Did you actually read what the OP said? It's a rhetorical question; of course
you didn't, otherwise you would not have issued your usual answer to anything
ferrite. He has a specific need, a suppressor bead he can slip onto a wire
near the pins of tube sockets. You want him to wrap ten turns of wire through
a big core. He wants a BEAD. As far as I can determine, you can't buy a BEAD
in mix 31. (If you can, please pass along the source) Mix 43 has been used
successfully for this purpose for years. You can actually buy a mix 43 bead.

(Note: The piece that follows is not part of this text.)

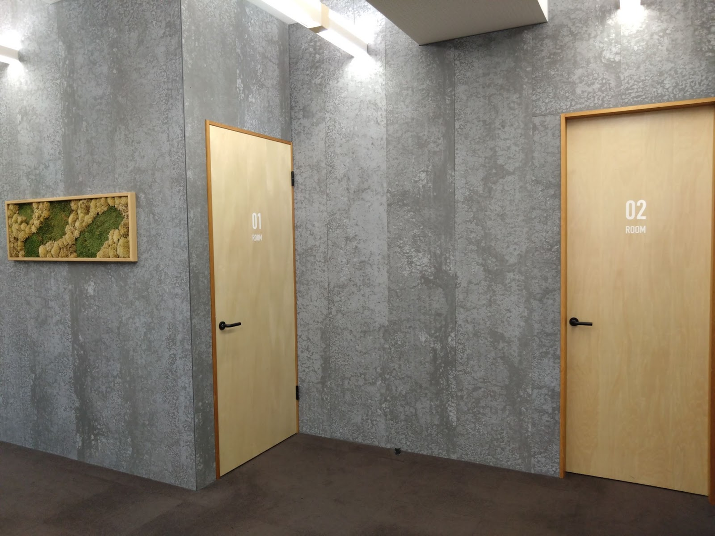 無機質なコンクリート調のデザインと木目調やグリーンの温かみが調和した、ナチュラルモダンな空間となっています。

A wise old engineer once told me, "You should never use parts you ain't got."
Wes N7WS
On Wednesday, July 17, 2024 at 12:53:40 PM MST, Jim Brown
<jim@audiosystemsgroup.com> wrote:
On 7/17/2024 12:16 PM, Dave (NK7Z) wrote:
> If you are trying to suppress 14 MHz and lower I would use mix31, if
> above 14, mix43.
Fair-Rite #43 is NEVER a good choice below 30 MHz. Mix #31 is the only
good choice for 160M through 10M, and slightly better than #43 for 6M.
>
> Place about 7 to 10 wraps of cable on a ferrite. Each pass through
> center counts as a turn...
Number of turns needed depends strongly on the core. For most #31
clamp-ons, 2 turns is about right for 6M, 3 for 10M, 5 for 40-10M.
It is CRITICAL that turns are sequential around the center of the core.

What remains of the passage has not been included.